> **Given data**
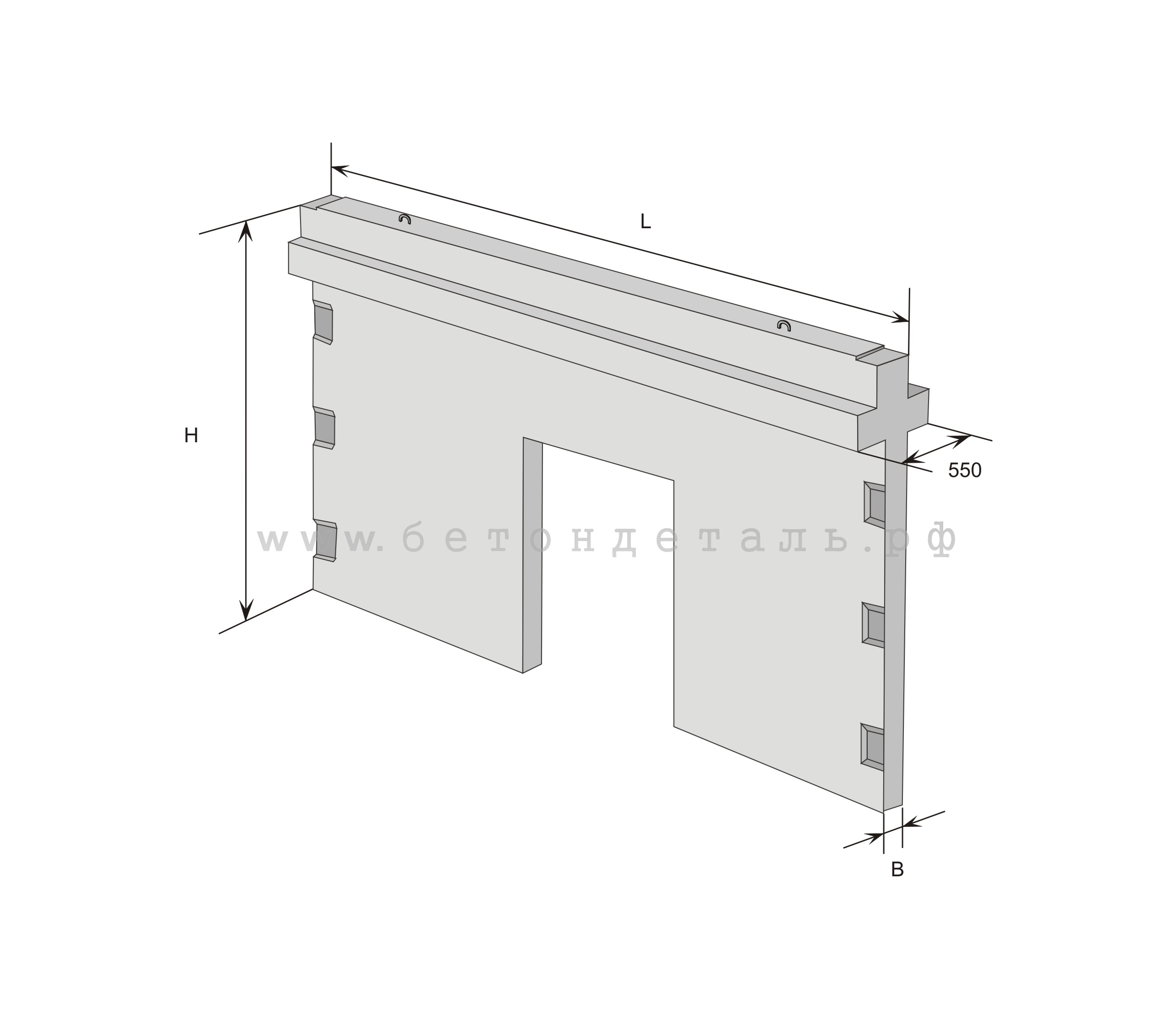 Диафрагмы жесткости с проемами по середине 2ДП 56-33 – это железобетонное изделие, представляющее собой один из основных элементов зданий и сооружений, обеспечивающий безопасность конструкции в ходе эксплуатации. Основной задачей диафрагмы жесткости 2ДП 56-33 является восприятие горизонтальных нагрузок, таких как ветровые, сейсмические и нагрузки от действующего оборудования в здании. Нагрузка, передаётся на диафрагму от наружных стен через «диск» перекрытий. Как правило, ядра жесткости высотных зданий устанавливаются на массивный монолитный плитный фундамент. Диафрагмы жесткости в системе унифицированного каркаса могут формироваться из сборных железобетонных элементов. Диафрагмы в виде ядер жесткости могут иметь различную форму в виде плоских стен, уголков, швеллеров, замкнутых сечений прямоугольников, многоугольников и т. д. Консоли диафрагм жесткости сконструированы на расчетные нагрузки 55 и 110кН/м.
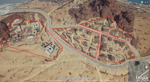 ③城内房屋最多区域,资源丰富。占地面积不大因此房屋之间布局紧凑,除了靠近城外马路的几栋房屋其他地方地势较为平坦。看似复杂,但由于大多数房屋楼顶都能爬上去,无疑减少了不少难度。
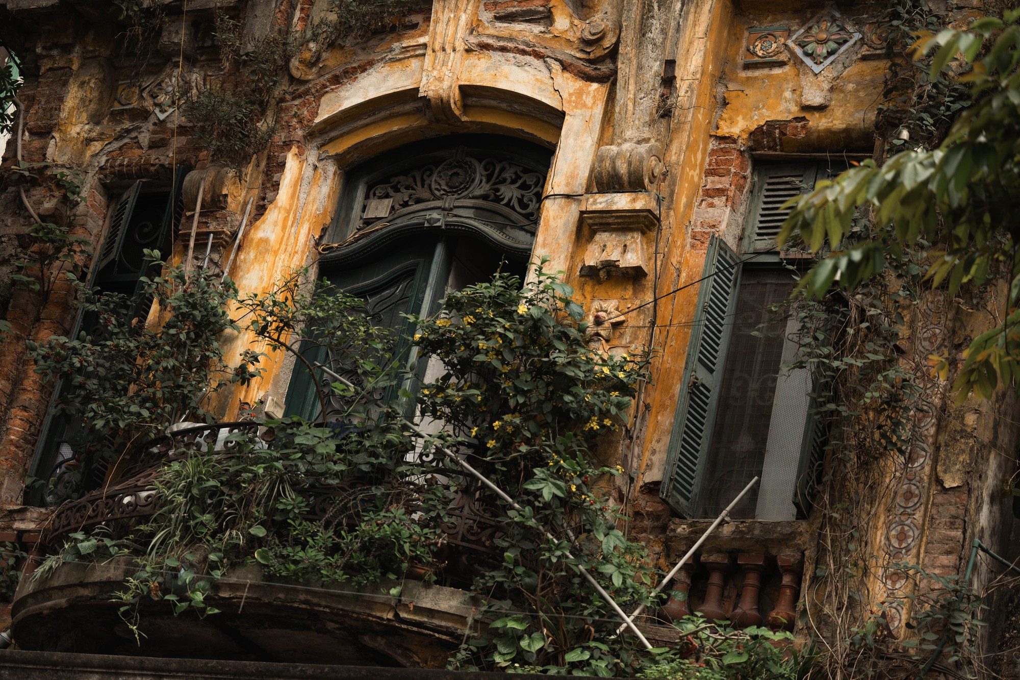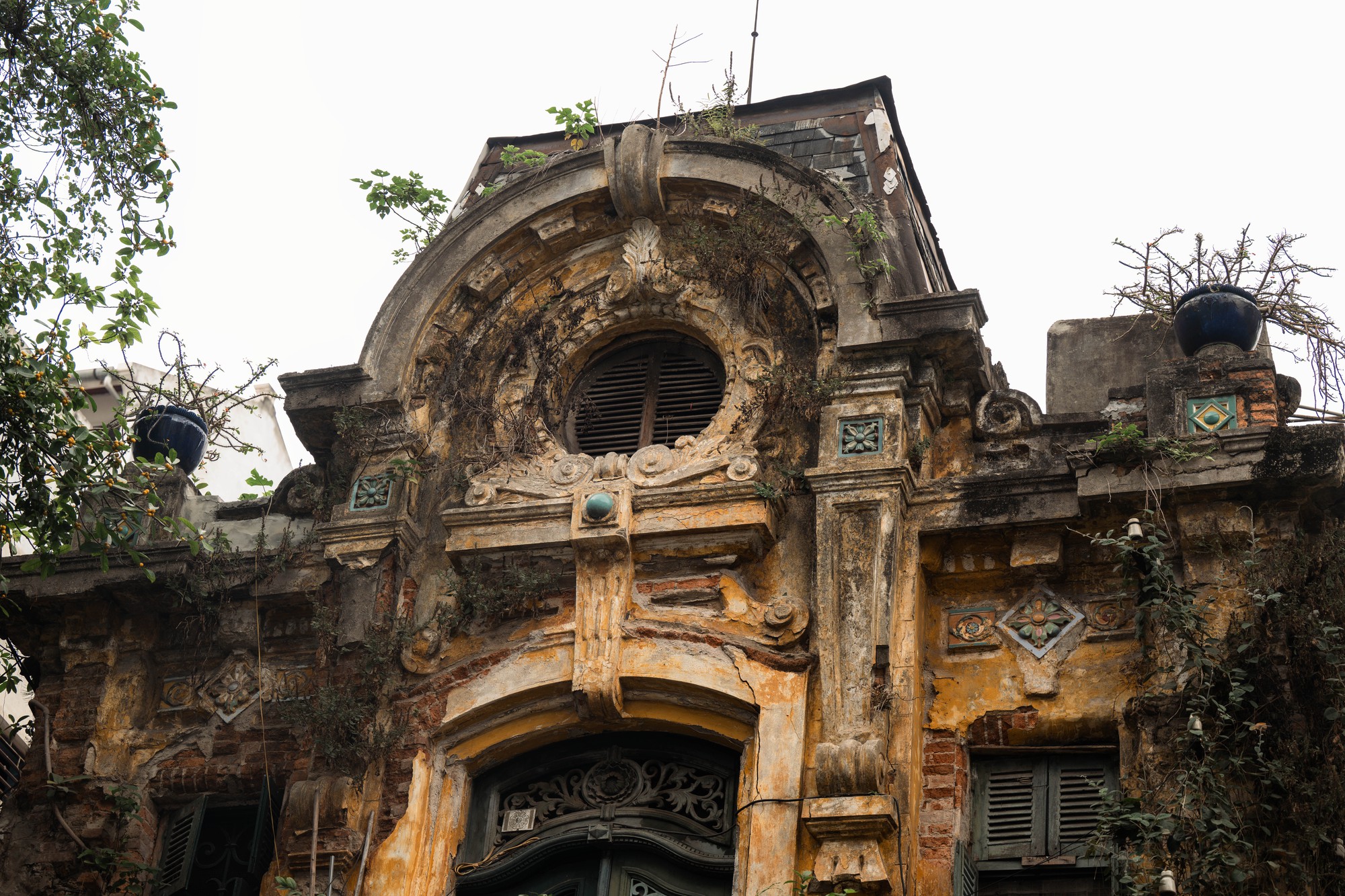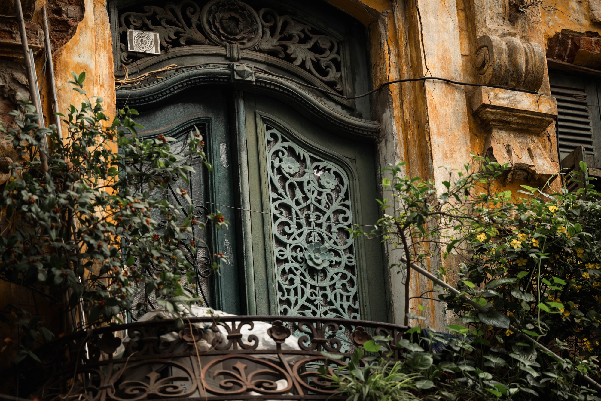 Những đường phào chỉ châu Âu cầu kỳ nay đã vụn vỡ ít nhiều nhưng bộ cửa đối xứng vẫn giữ nguyên nét nền nếp của một gia đình trâm anh thế phiệt xưa cũ. Điểm xuyết trên đó là những miếng gốm men ngọc - thứ màu xanh đã dịu đi, như đang cố canh giữ chút ánh sáng cuối cùng của một thời vàng son.
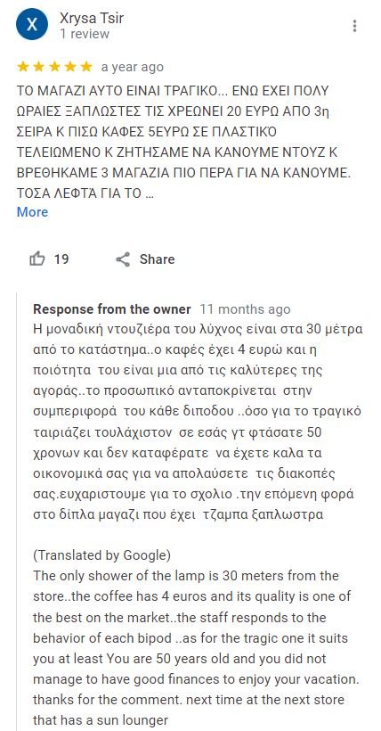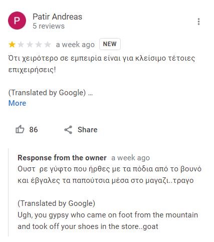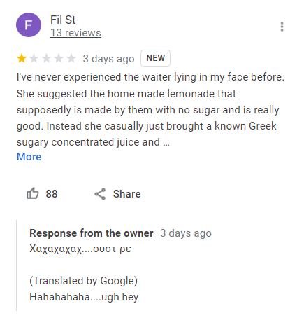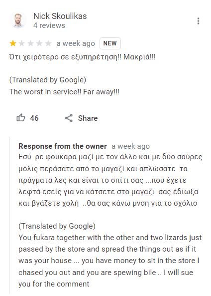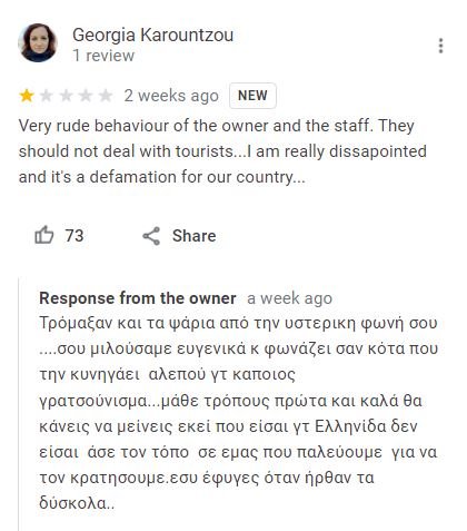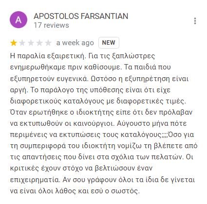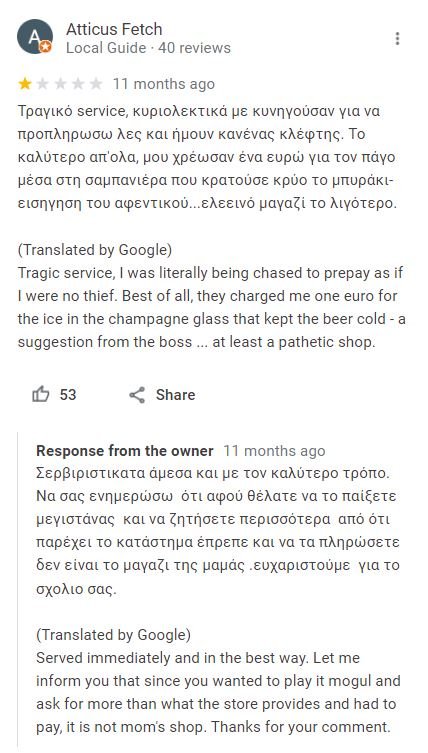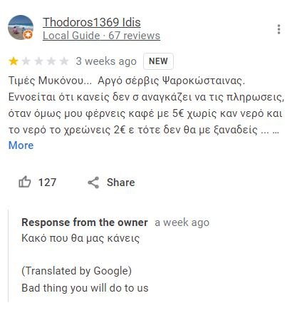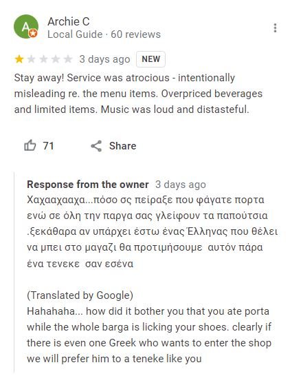 Τι ακριβώς κάνει; «Ταπώνει» όποιον πελάτη αφήνει αρνητικό σχόλιο για το μαγαζί του στο Google Maps. Ζούμε άλλωστε στην εποχή των online κριτικών, και έτσι ο καθένας μπορεί πολύ εύκολα να βαθμολογήσει και να σχολιάσει θετικά ή αρνητικά ένα μαγαζί.

> **Problem**
Starting at the line that holds "③城内房屋最多区域,资源丰富" and stopping at the last line of the listing above, write out each line exactly as it appears, and omit the pictures.

> **Answer**
 ③城内房屋最多区域,资源丰富。占地面积不大因此房屋之间布局紧凑,除了靠近城外马路的几栋房屋其他地方地势较为平坦。看似复杂,但由于大多数房屋楼顶都能爬上去,无疑减少了不少难度。
 Những đường phào chỉ châu Âu cầu kỳ nay đã vụn vỡ ít nhiều nhưng bộ cửa đối xứng vẫn giữ nguyên nét nền nếp của một gia đình trâm anh thế phiệt xưa cũ. Điểm xuyết trên đó là những miếng gốm men ngọc - thứ màu xanh đã dịu đi, như đang cố canh giữ chút ánh sáng cuối cùng của một thời vàng son.
 Τι ακριβώς κάνει; «Ταπώνει» όποιον πελάτη αφήνει αρνητικό σχόλιο για το μαγαζί του στο Google Maps. Ζούμε άλλωστε στην εποχή των online κριτικών, και έτσι ο καθένας μπορεί πολύ εύκολα να βαθμολογήσει και να σχολιάσει θετικά ή αρνητικά ένα μαγαζί.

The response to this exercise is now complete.